### YOUR OBJECTIVE
Look through the material below and copy exactly the lines from the line with "Как заявили представили" to the line with "por ella. | ||", those two lines included.

### STUDY MATERIAL
○ ○ ○
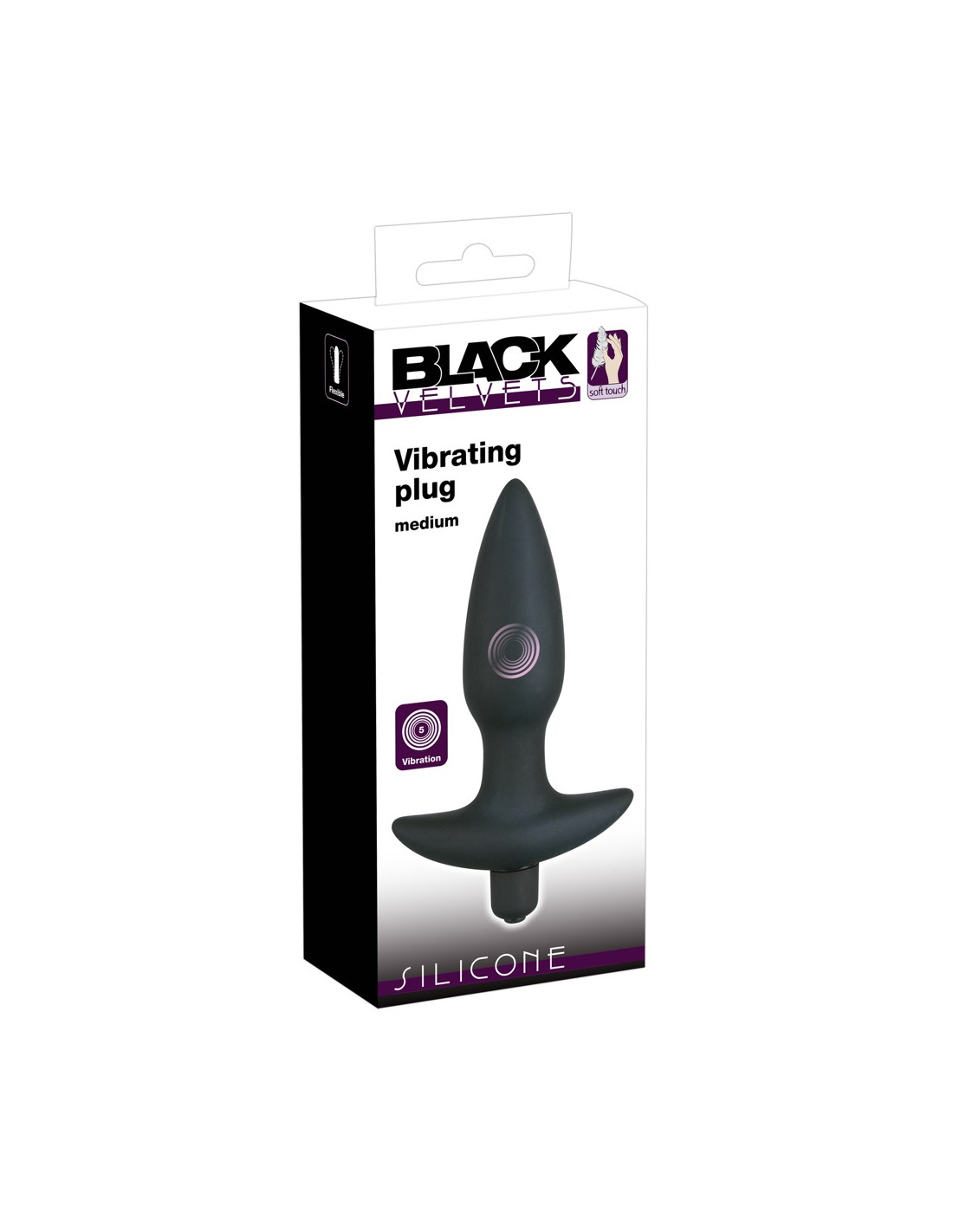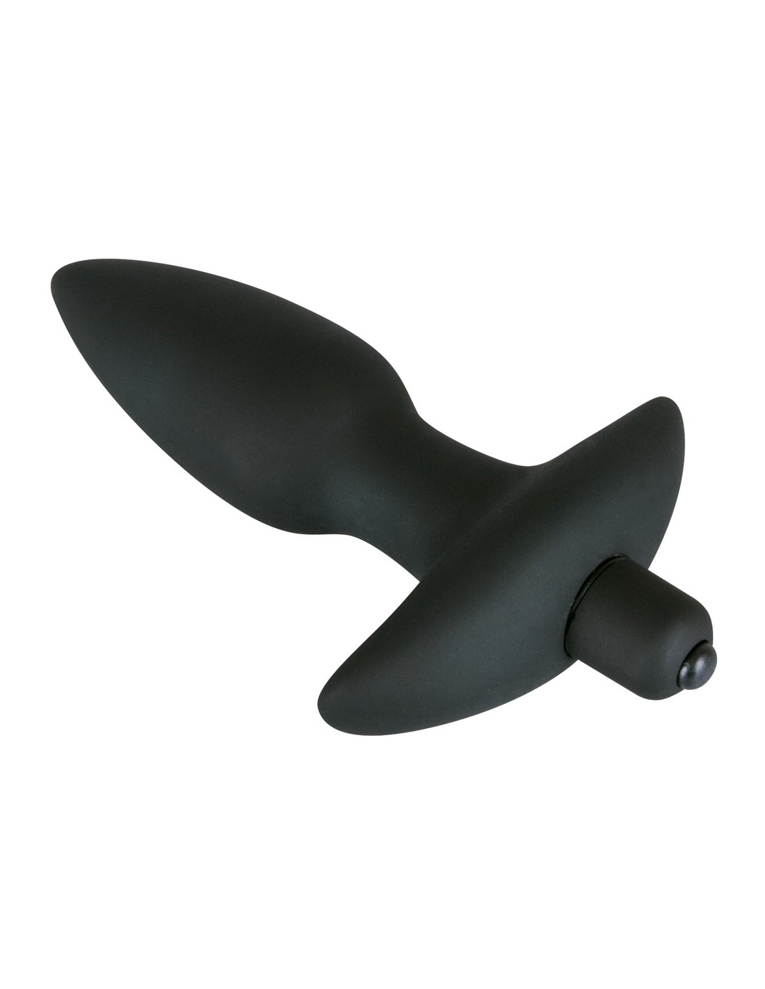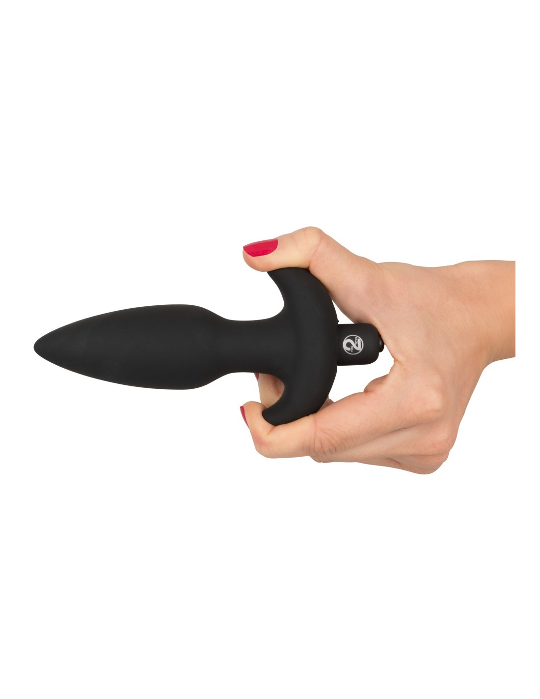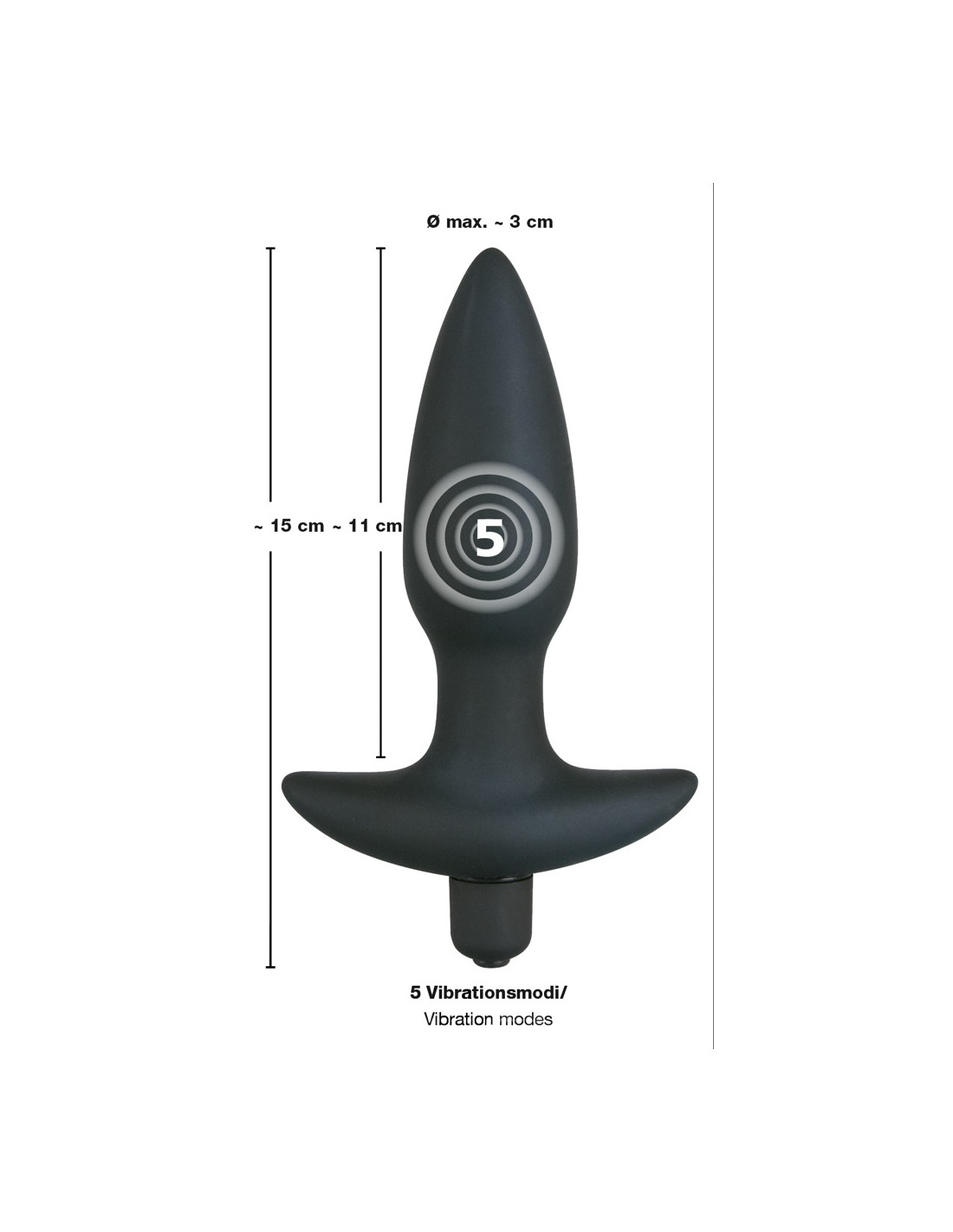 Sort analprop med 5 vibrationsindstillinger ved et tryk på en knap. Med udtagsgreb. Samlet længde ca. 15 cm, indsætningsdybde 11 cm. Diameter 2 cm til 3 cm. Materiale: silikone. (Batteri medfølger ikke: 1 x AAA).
○ ○ ○
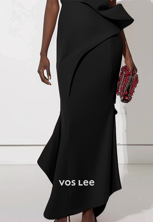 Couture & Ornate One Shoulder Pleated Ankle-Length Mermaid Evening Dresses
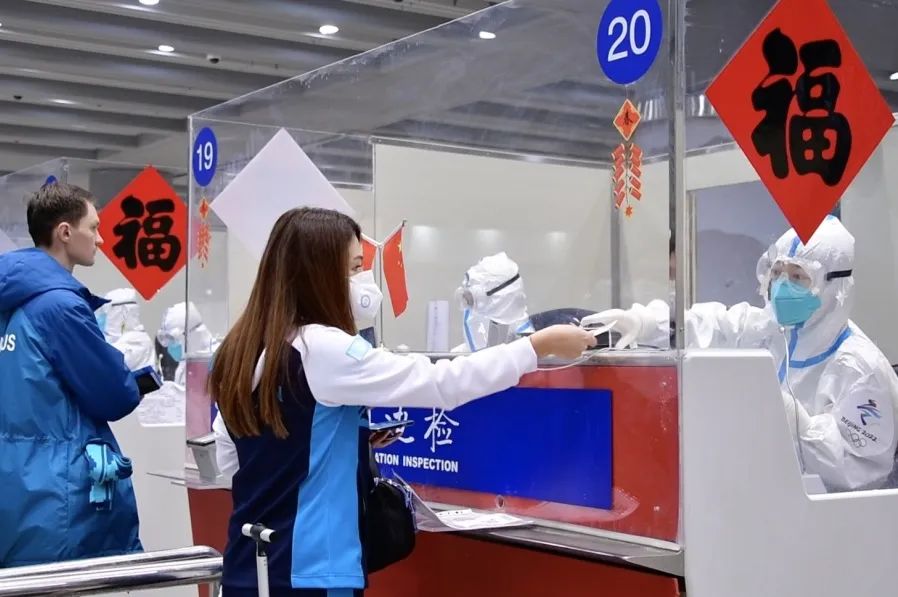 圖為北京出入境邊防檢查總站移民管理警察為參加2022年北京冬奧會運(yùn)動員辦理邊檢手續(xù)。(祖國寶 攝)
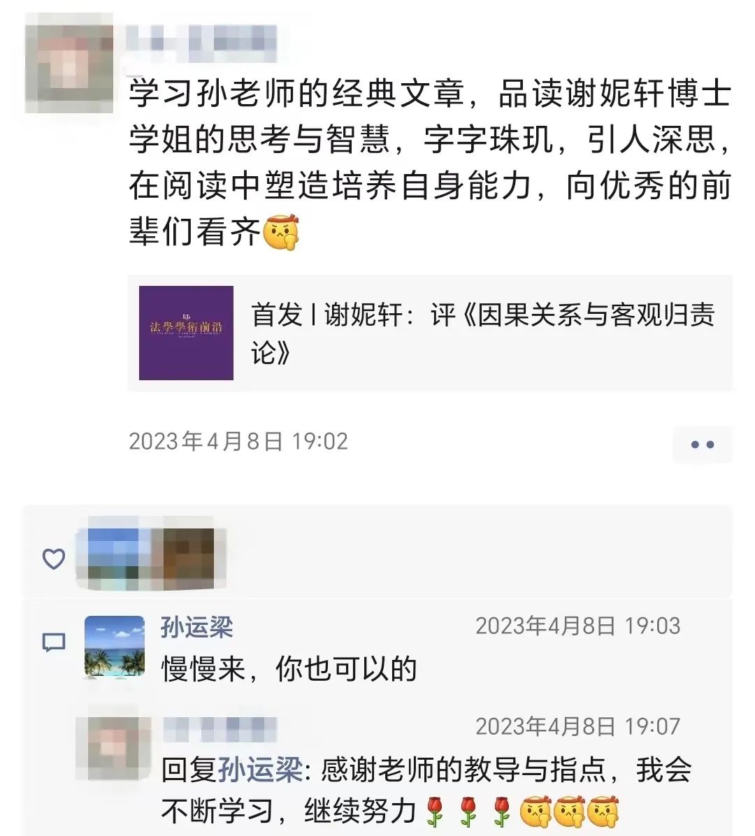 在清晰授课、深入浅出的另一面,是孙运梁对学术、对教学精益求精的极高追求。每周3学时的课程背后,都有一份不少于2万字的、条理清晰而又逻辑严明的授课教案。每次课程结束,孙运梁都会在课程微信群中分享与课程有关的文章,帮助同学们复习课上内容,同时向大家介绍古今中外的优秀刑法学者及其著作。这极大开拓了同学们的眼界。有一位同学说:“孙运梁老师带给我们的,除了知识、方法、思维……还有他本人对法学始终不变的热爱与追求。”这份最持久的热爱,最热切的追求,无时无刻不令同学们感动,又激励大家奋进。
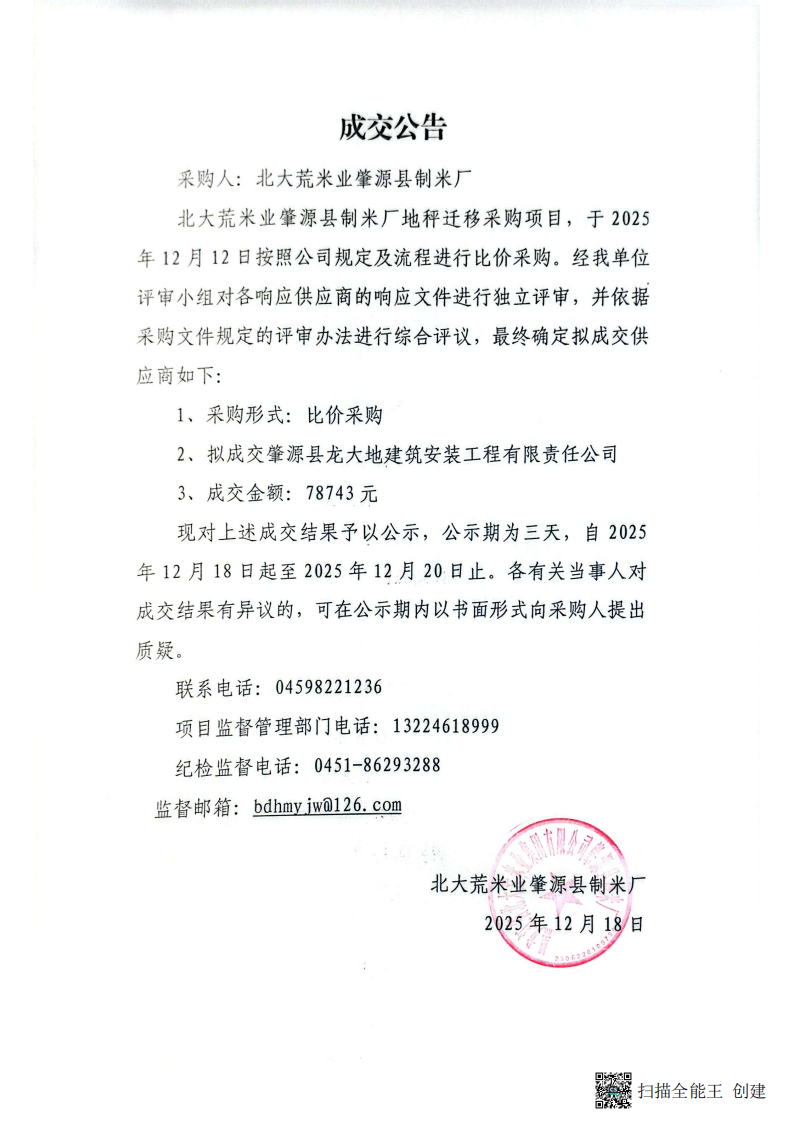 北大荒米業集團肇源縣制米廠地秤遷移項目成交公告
○ ○ ○
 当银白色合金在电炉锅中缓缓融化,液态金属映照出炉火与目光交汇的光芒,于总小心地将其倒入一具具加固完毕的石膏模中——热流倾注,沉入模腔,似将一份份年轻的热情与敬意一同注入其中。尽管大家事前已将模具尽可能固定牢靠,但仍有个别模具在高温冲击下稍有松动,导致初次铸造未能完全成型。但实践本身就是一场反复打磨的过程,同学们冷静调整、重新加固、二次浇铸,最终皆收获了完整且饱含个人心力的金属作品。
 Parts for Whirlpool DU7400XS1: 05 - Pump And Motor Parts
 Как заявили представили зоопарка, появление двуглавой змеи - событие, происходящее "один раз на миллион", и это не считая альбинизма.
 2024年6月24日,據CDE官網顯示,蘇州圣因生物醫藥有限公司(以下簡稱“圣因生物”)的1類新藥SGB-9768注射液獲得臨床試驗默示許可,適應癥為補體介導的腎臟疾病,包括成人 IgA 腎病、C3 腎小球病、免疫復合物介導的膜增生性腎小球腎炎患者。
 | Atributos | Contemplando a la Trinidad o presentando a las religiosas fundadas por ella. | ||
○ ○ ○
### TASK ANSWER
 Как заявили представили зоопарка, появление двуглавой змеи - событие, происходящее "один раз на миллион", и это не считая альбинизма.
 2024年6月24日,據CDE官網顯示,蘇州圣因生物醫藥有限公司(以下簡稱“圣因生物”)的1類新藥SGB-9768注射液獲得臨床試驗默示許可,適應癥為補體介導的腎臟疾病,包括成人 IgA 腎病、C3 腎小球病、免疫復合物介導的膜增生性腎小球腎炎患者。
 | Atributos | Contemplando a la Trinidad o presentando a las religiosas fundadas por ella. | ||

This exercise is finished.